Governor Padrés brandished what has been a winning pro-aqueduct argument for most Sonorans, namely that “Water is now for all Sonoroenses, and not longer for just a few.” It is an argument that resonates with the Mexican Constitution’s guarantee (albeit far from the reality) of potable water access for all Mexicans. Even as support for the governor plummeted in late summer 2014, public support (outside of the Yaqui Valley region) for the governor’s projects to dam and transfer water to water-poor urban and rural areas was little affected -- although the support came coupled with demands that these projects abide by the rule of law.
The city’s commercial, construction, industrial, and agricultural elite and their associations stood at the forefront of statewide campaign in favor of the Novillo-Hermosillo aqueduct. The pro-aqueduct campaign also counted on the support of the State Water Commission (CEA) and Conagua, which provided most of the funds for the aqueduct.
Recognizing that government pro-aqueduct propaganda, along with the imposition of the will and power of the state government, wasn’t enough to dissuade the opposition, the Padrés administration began loosening the state government’s purse strings (along with those of federal grants) to create a legal facade for the draining of the Yaqui River. Typical of Mexico’s governance practices, CEA staring buying water rights from small landholders along the middle Yaqui river basin as well as offering payouts to valley producers who would agree, at least rhetorically, to yield their water rights.
Although CEA led the publicity campaign justifying the transfer of water, the state water commission had the firm backing of CONAGUA during the Calderón administration.
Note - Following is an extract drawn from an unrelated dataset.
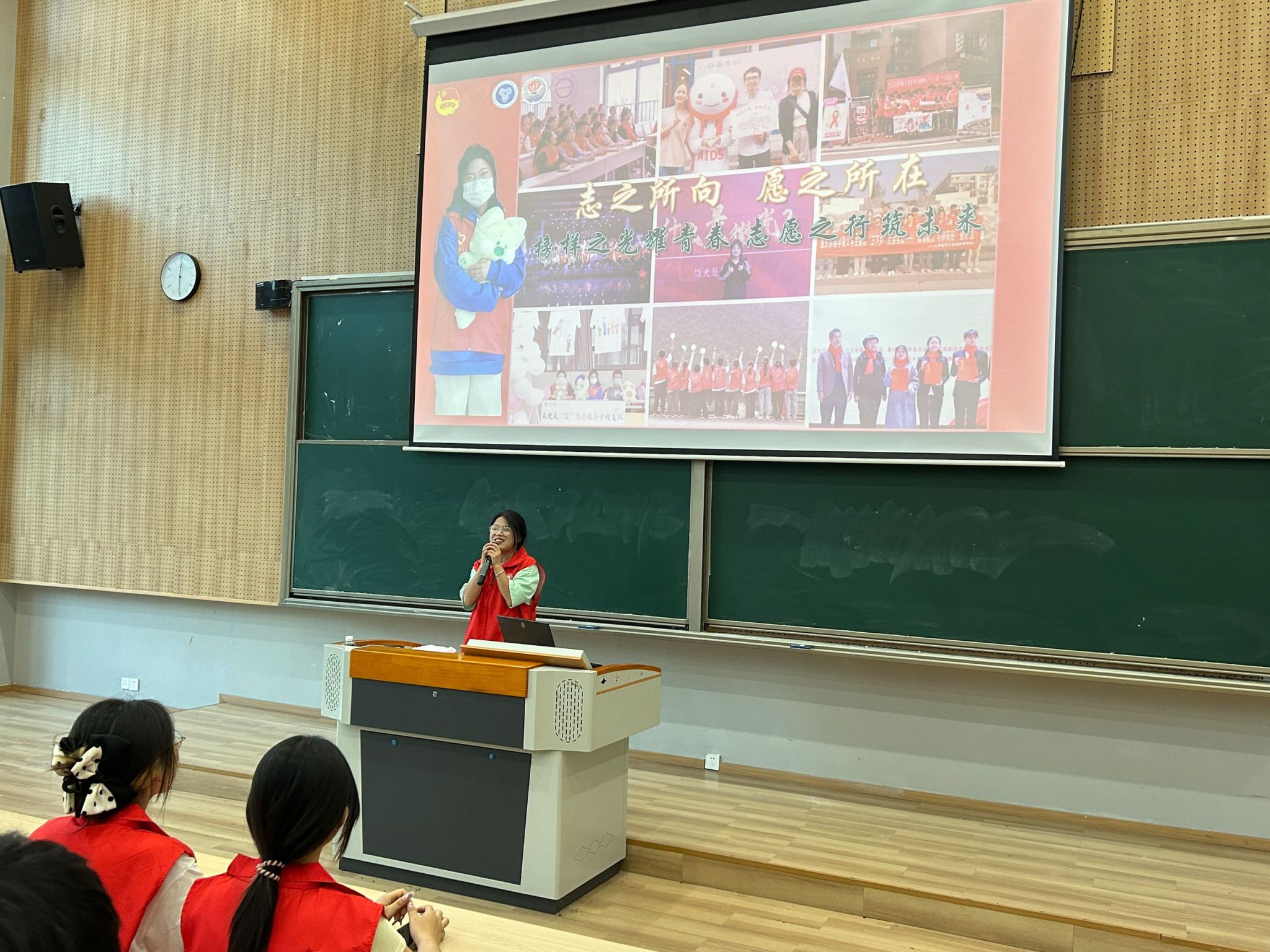 柔和的灯光为阶梯教室增添了温馨的氛围,郭学姐的分享让现场的青年志愿者们仿佛身临其境,感受到了那些充满挑战与收获的美好瞬间。她的每一个故事、每一个选择,都向在座的每一位听众传递出一个信息:青春不仅是年华的绽放,更是责任与担当的践行。

In a July 2010 visit to Hermosillo, President Calderón gave the presidential blessing to the assertion by CONAGUA that it had secured almost 52 Mm3 of water from the Yaqui river basin that were not accounted for or distributed and which could therefore be transferred through the planned aqueduct.
According to CONAGUA, this available Yaqui River water could be used to meet “the basic needs of the city and permit its development.” After the Calderón sexenio ended, CONAGUA became pronouncedly more distant from Padrés and CEA. But the federal government under President Enrique Peña Nieto continued granting funds for Sonora SI projects, including aqueducts and dams.
Handing out government funds -- which remain largely unaccounted for -- did create a flimsy legal facade for the transfer of water rights to Hermosillo. Moreover, other government payouts to those who would express support for the aqueduct created divisions in the Yaqui valley, including among Yaquis themselves -- particularly those with a history of working for state government programs.